Optionally, the method further comprises:
marking a maximum value of the plurality of second difference values as 1, and marking second difference values except for the maximum value of the plurality of second difference values as 0;
the determining whether the error-correcting word is correct at least according to the first co-occurrence frequency, the second co-occurrence frequency and the semantic features includes:
and judging whether the error-correcting word is correct or not according to the mark of the second difference value, the first co-occurrence frequency, the second co-occurrence frequency and the semantic features.
Optionally, before the step of determining error correction information of each sentence in the text to be collated, the method further includes:
preprocessing the text to be corrected to obtain a new text to be corrected;
the determining of the error correction information of each sentence in the text to be corrected includes:
and determining the error correction information of each sentence in the new text to be corrected.
According to a second aspect of the embodiments of the present disclosure, there is provided a text proofing apparatus, the apparatus including:
the device comprises a first determining module, a second determining module and a correcting module, wherein the first determining module is used for determining error correction information of each sentence in a text to be corrected, and the error correction information comprises error words and at least one error correction word corresponding to the error words;
a second determining module, configured to determine, for each error word determined by the first determining module, a first frequency of co-occurrence of the error word and a preceding word of the error word in a preset corpus and a second frequency of co-occurrence of the error word and a following word of the error word in the preset corpus, respectively;
an obtaining module, configured to obtain, for each error correction word corresponding to the error word determined by the first determining module, a semantic feature of the error correction word in a corresponding sentence;
and the judging module is used for judging whether the error-correcting word is correct or not at least according to the first co-occurrence frequency and the second co-occurrence frequency determined by the second determining module and the semantic features acquired by the acquiring module.
According to a third aspect of embodiments of the present disclosure, there is provided a computer readable storage medium, on which a computer program is stored, which when executed by a processor, performs the steps of the method provided by the first aspect of the present disclosure.

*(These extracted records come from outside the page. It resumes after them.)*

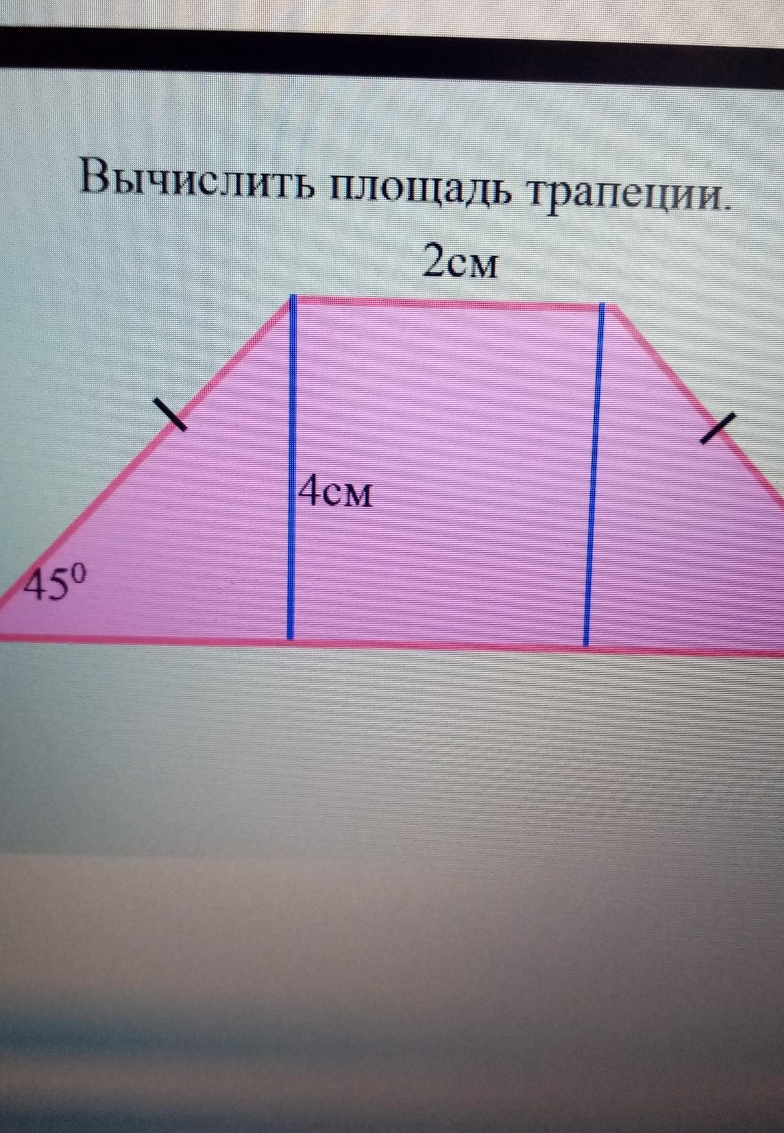 равнобедренная трапеция abcd, высота bh. рассмотрим прямоугольный треугольник abh, угол а=45º, h=90°, b=180-(45+90)=45°(т.к. сумма углов треугольника равна 180º). т.к. два угла треугольника равны между собой, то треугольник равнобедренный, катета равны между собой, ah=bh=4см. т.к. трапеция abcd- равнобедренная, то ad=2*ah+bc=2*4+2=10см. s abcd=0,5bh*(bc+ad)=2*12=24см.
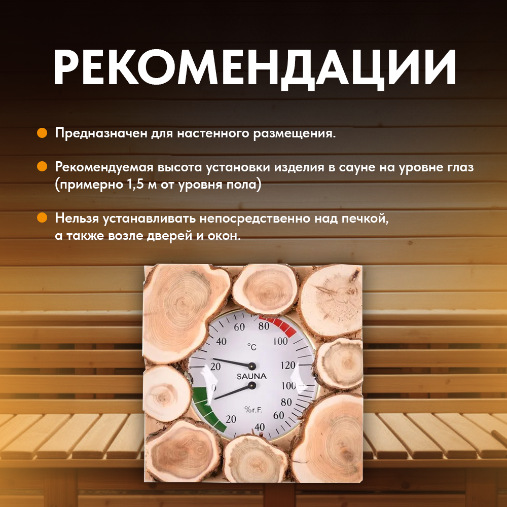 | Комплектация | Термометр для бани, гигрометр для бани |
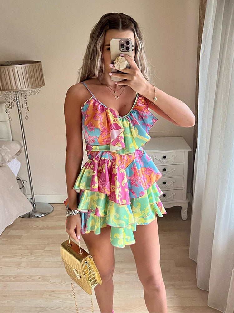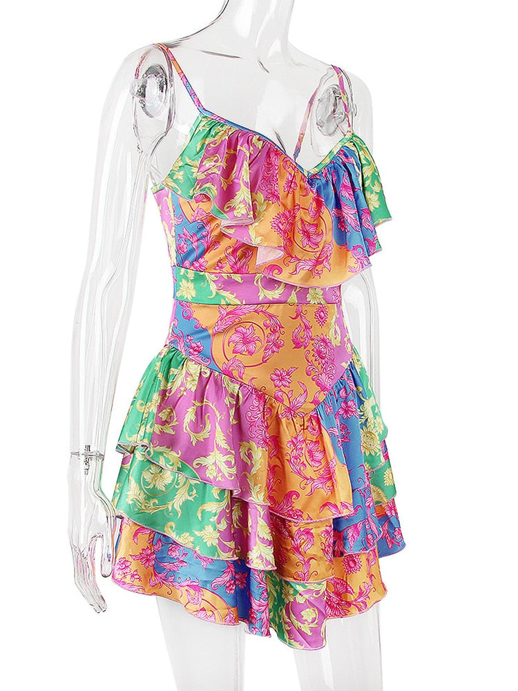 Hulianfu Summer Floral Print Dress Women Party Dress New Arrival Elegant Ruffle Dress Mini Slip Dress Backless Sexy Club Beach Dress
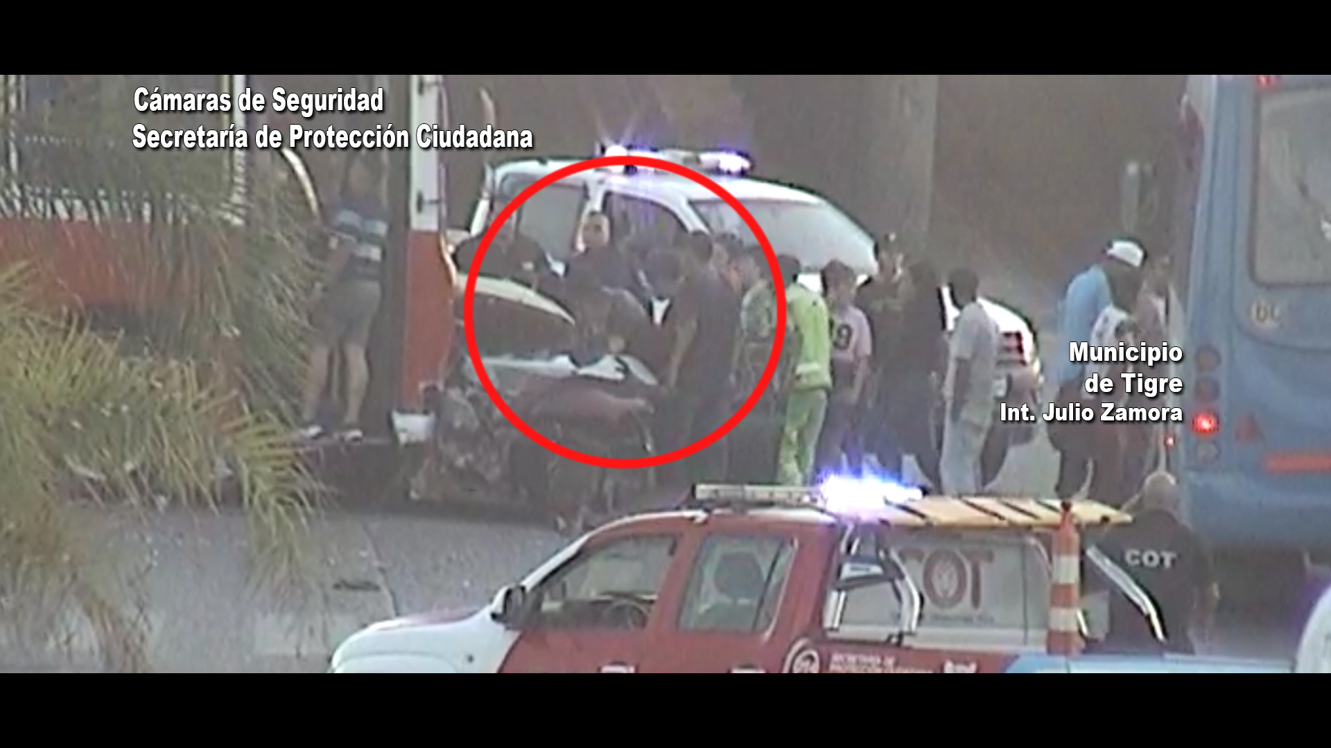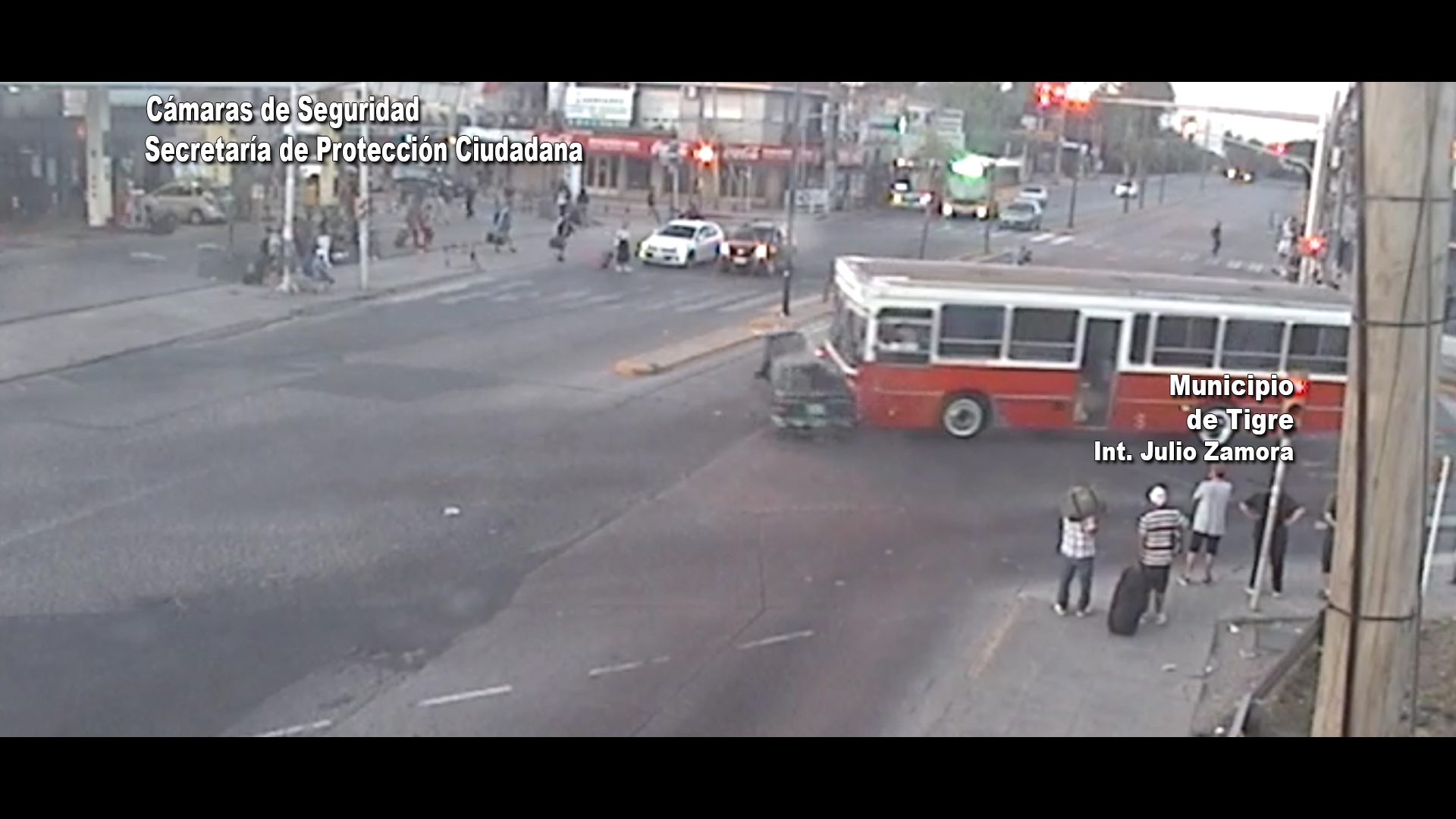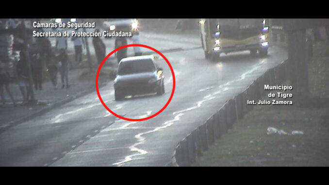 Las imágenes muestran, en un primer momento, al rodado cuando circulaba por Colectora de Panamericana: allí se puede ver al conductor realizar maniobras imprudentes. Al instante, se lo ve cuando cruza en rojo el semáforo emplazado en Ruta 197 y Colectora. El micro que venía por esta última arteria, lo impacta de costado.
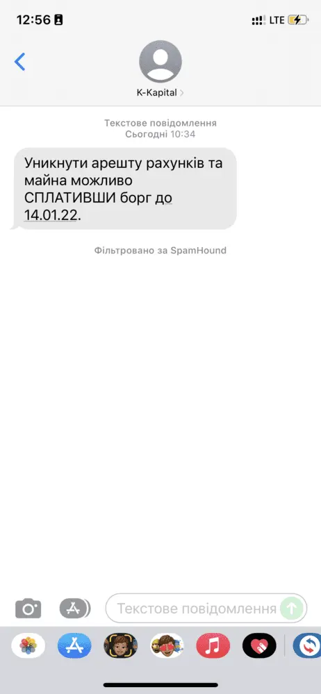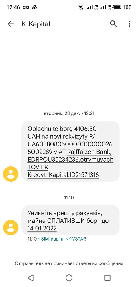 Я Вам советую просто проверять себя в реестрах, надписи они делают аж бегом.Ребята, привет! Качай Гроши 28.12.2021 переуступили мой договор по кредиту в Кредит Капитал. Что от этих можно ожидать, может кто знает? Реально ли такое из-за 4106,50 грн? Сегодня пришло смс о том, что крайний срок выплаты долга до 14.01.2022, иначе блокировка счетов и арест недвижимости. По звонкам, честно, не знаю, звонят они или нет, от на незнакомые номера не отвечаю, в вайбер от них сообщений пока не было.

According to a fourth aspect of the embodiments of the present disclosure, there is provided an electronic apparatus including:
a memory having a computer program stored thereon;
a processor for executing the computer program in the memory to implement the steps of the method provided by the first aspect of the present disclosure.
In the technical scheme, firstly, error words existing in each sentence in the text to be corrected and at least one error correction word corresponding to each error word are determined; then, respectively determining a first co-occurrence frequency and a second co-occurrence frequency of the error word and a preceding word and a following word thereof for each error word, and simultaneously acquiring corresponding semantic features for each error correction word corresponding to the error word; and finally, judging the correctness of the error-correcting words at least according to the first co-occurrence frequency, the second co-occurrence frequency and the semantic features. After the error words and the corresponding error correction words are obtained, the correctness of the error correction words is further judged, and therefore the accuracy of text proofreading can be improved. In addition, when the correctness of the error-correcting words is judged, the matching problem of the front words and the rear words is considered, and the context semantic features of the words are combined, so that the correctness judgment precision of the error-correcting words can be ensured, and the accuracy of text proofreading is further improved. In addition, the text proofreading method enables proofreading work to be intelligent and automatic, reduces pressure of manual proofreading, improves working efficiency and reduces labor cost.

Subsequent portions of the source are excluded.